Below are lines of records; copy exactly those from the one containing "Are you a purist" through the one containing "師管をイメージづける身近な例", leaving the pictures behind.

» Supplied material
* * *
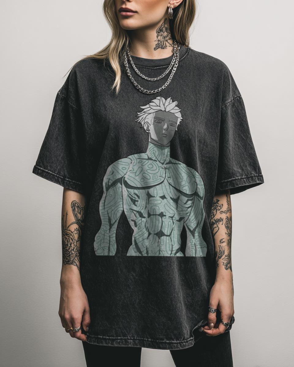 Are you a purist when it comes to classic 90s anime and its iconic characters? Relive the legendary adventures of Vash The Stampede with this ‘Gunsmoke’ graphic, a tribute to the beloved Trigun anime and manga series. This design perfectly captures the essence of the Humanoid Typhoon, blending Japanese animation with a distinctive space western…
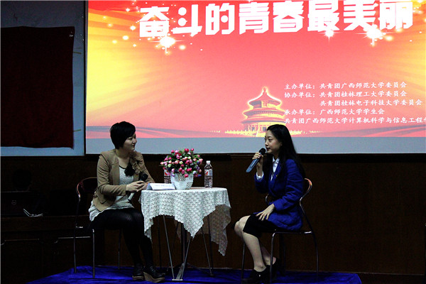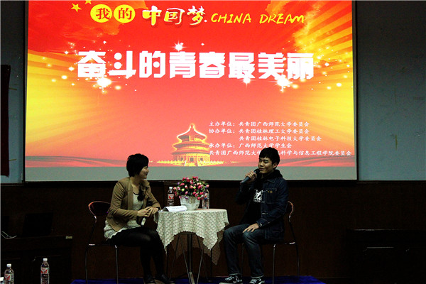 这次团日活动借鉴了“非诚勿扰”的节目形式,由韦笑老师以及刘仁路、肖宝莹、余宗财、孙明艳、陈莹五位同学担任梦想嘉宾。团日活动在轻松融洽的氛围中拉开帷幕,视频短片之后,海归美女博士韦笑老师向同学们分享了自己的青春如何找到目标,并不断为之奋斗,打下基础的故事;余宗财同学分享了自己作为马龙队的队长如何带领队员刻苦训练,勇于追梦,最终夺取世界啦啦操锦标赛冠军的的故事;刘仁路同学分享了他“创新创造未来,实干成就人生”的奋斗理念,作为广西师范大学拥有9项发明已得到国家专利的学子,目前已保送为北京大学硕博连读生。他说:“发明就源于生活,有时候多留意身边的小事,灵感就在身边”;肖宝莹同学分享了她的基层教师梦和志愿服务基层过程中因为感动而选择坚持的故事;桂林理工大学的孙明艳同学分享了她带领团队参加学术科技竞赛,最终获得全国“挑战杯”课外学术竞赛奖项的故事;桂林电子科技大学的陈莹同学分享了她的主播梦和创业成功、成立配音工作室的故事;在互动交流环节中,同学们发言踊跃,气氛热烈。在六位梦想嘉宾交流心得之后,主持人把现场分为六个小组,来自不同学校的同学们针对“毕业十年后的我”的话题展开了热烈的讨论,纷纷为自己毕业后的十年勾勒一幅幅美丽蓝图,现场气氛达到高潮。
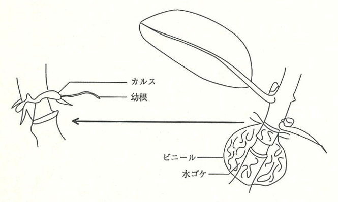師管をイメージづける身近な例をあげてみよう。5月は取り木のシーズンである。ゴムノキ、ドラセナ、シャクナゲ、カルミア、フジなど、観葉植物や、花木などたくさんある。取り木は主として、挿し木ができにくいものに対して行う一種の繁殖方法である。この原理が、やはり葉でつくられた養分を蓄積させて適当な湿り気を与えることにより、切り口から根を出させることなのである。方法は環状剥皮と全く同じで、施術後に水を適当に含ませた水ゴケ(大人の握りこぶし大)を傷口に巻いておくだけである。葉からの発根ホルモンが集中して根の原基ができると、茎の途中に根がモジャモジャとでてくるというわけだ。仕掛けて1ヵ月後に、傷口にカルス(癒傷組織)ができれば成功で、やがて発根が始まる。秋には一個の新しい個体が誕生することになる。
* * *
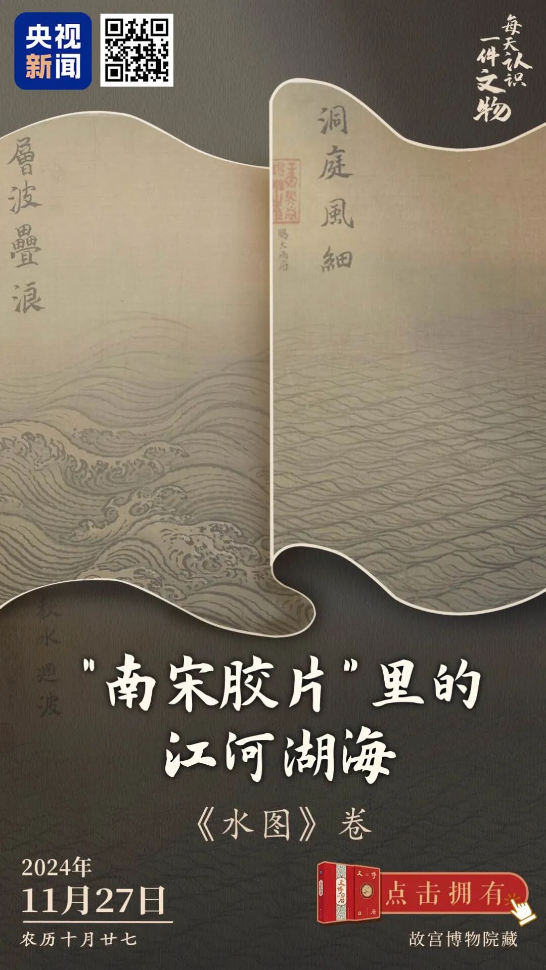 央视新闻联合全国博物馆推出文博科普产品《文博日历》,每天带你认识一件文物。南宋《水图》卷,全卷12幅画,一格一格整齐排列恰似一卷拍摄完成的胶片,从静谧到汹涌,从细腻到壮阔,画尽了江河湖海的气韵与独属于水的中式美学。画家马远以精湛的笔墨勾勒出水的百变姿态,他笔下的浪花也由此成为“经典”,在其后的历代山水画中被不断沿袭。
* * *
» Finished exercise
 Are you a purist when it comes to classic 90s anime and its iconic characters? Relive the legendary adventures of Vash The Stampede with this ‘Gunsmoke’ graphic, a tribute to the beloved Trigun anime and manga series. This design perfectly captures the essence of the Humanoid Typhoon, blending Japanese animation with a distinctive space western…
 这次团日活动借鉴了“非诚勿扰”的节目形式,由韦笑老师以及刘仁路、肖宝莹、余宗财、孙明艳、陈莹五位同学担任梦想嘉宾。团日活动在轻松融洽的氛围中拉开帷幕,视频短片之后,海归美女博士韦笑老师向同学们分享了自己的青春如何找到目标,并不断为之奋斗,打下基础的故事;余宗财同学分享了自己作为马龙队的队长如何带领队员刻苦训练,勇于追梦,最终夺取世界啦啦操锦标赛冠军的的故事;刘仁路同学分享了他“创新创造未来,实干成就人生”的奋斗理念,作为广西师范大学拥有9项发明已得到国家专利的学子,目前已保送为北京大学硕博连读生。他说:“发明就源于生活,有时候多留意身边的小事,灵感就在身边”;肖宝莹同学分享了她的基层教师梦和志愿服务基层过程中因为感动而选择坚持的故事;桂林理工大学的孙明艳同学分享了她带领团队参加学术科技竞赛,最终获得全国“挑战杯”课外学术竞赛奖项的故事;桂林电子科技大学的陈莹同学分享了她的主播梦和创业成功、成立配音工作室的故事;在互动交流环节中,同学们发言踊跃,气氛热烈。在六位梦想嘉宾交流心得之后,主持人把现场分为六个小组,来自不同学校的同学们针对“毕业十年后的我”的话题展开了热烈的讨论,纷纷为自己毕业后的十年勾勒一幅幅美丽蓝图,现场气氛达到高潮。
師管をイメージづける身近な例をあげてみよう。5月は取り木のシーズンである。ゴムノキ、ドラセナ、シャクナゲ、カルミア、フジなど、観葉植物や、花木などたくさんある。取り木は主として、挿し木ができにくいものに対して行う一種の繁殖方法である。この原理が、やはり葉でつくられた養分を蓄積させて適当な湿り気を与えることにより、切り口から根を出させることなのである。方法は環状剥皮と全く同じで、施術後に水を適当に含ませた水ゴケ(大人の握りこぶし大)を傷口に巻いておくだけである。葉からの発根ホルモンが集中して根の原基ができると、茎の途中に根がモジャモジャとでてくるというわけだ。仕掛けて1ヵ月後に、傷口にカルス(癒傷組織)ができれば成功で、やがて発根が始まる。秋には一個の新しい個体が誕生することになる。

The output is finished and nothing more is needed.